Abstract
Background:
Opioid use disorder continues to cause significant morbidity and mortality in the United States. Buprenorphine is a highly effective treatment option, but is not easily accessible due in part to an insufficient prescriber workforce. Primary care professionals (PCPs) have the potential to greatly improve access to buprenorphine, but they report significant barriers such as inadequate addiction training. This study aimed to characterize the value of different peer prescriber support training models for PCPs practicing in urban and rural clinics in Ohio.
Methods:
We interviewed 26 purposively sampled PCPs as part of a clinical trial planning grant to develop and pilot a buprenorphine prescribing support program. PCPs provided feedback on the training module and additional training needs during semi-structured interviews. Interviews were coded using an inductive approach, informed by grounded theory.
Results:
PCPs expressed a need for support from other buprenorphine prescribers and on-the-job shadowing and consultation opportunities to confidently prescribe buprenorphine. Interactions with colleagues who did not support or prescribe medications for opioid use disorder (MOUD) were similarly influential, reducing PCPs’ interest in prescribing buprenorphine. Internal mentorship opportunities, like starting with managing a few stable patients in collaboration with current prescribers, improved PCPs’ comfort with MOUD, but were more available in urban than rural clinics.
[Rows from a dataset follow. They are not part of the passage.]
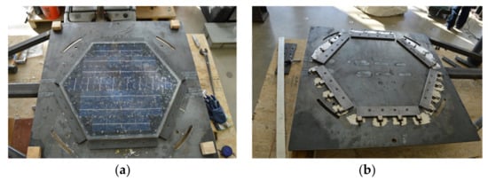 (a) Front of test fixture with original steel grips and a paver installed; (b) front of test fixture with reinforced grips.
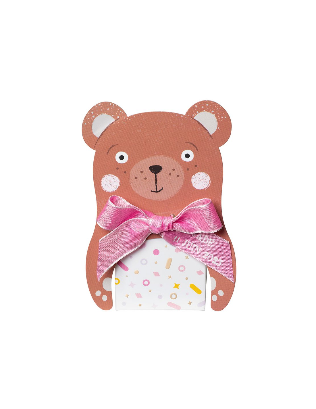 Estuche para bautizo de niña con tres bombones y tres palets de chocolate
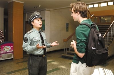 前日,北京大学一名保安在课余时间和外国留学生交流。
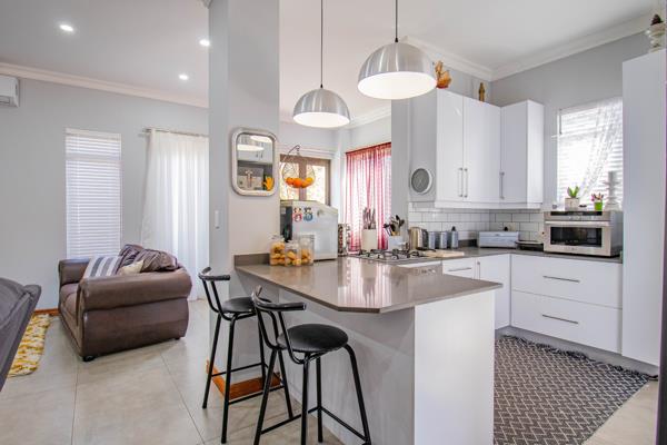 The open-plan kitchen, dining, and lounge area creates a warm and inviting space, perfect for entertaining or relaxing. The kitchen boasts a brand-new gas stove and sleek finishes, while the enclosed patio opens to a serene and manicured garden.
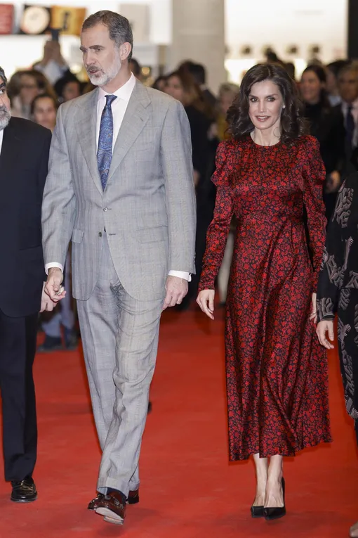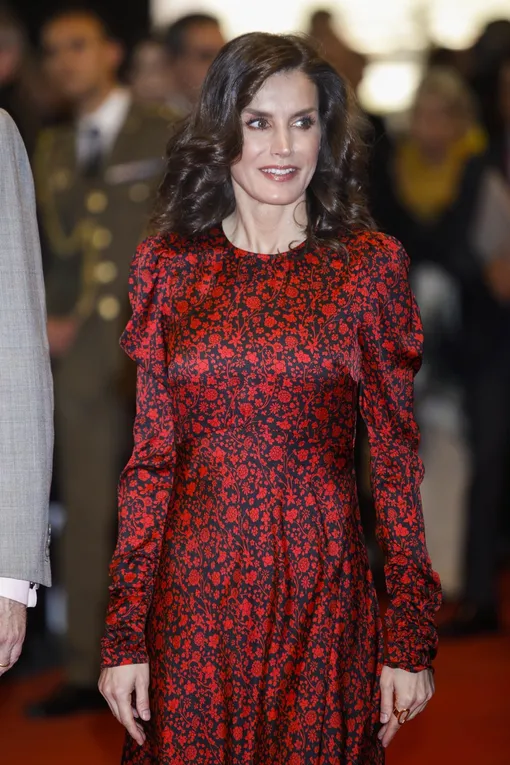 Супруга Филиппа VI надела атласное платье в пол черного цвета с алым цветочным принтом. Наряд она дополнила неизменными черными лодочками. Платье Maje облегающего силуэта выгодно подчеркнуло точеную фигуру Летиции.

Structured external mentorship, including real-time consultation options, was also beneficial, especially for rural PCPs.
Conclusion:
Support from buprenorphine prescribers, both peer PCPs and external experts, may be a useful strategy for overcoming reluctance to prescribe buprenorphine in primary care. On-site peer mentors may be more readily available to urban providers. More research is needed to understand effective strategies for fostering rural peer prescriber mentorship networks, especially in the absence of on-site mentors. Future research should test innovative strategies for bolstering rural and urban addiction mentorship networks.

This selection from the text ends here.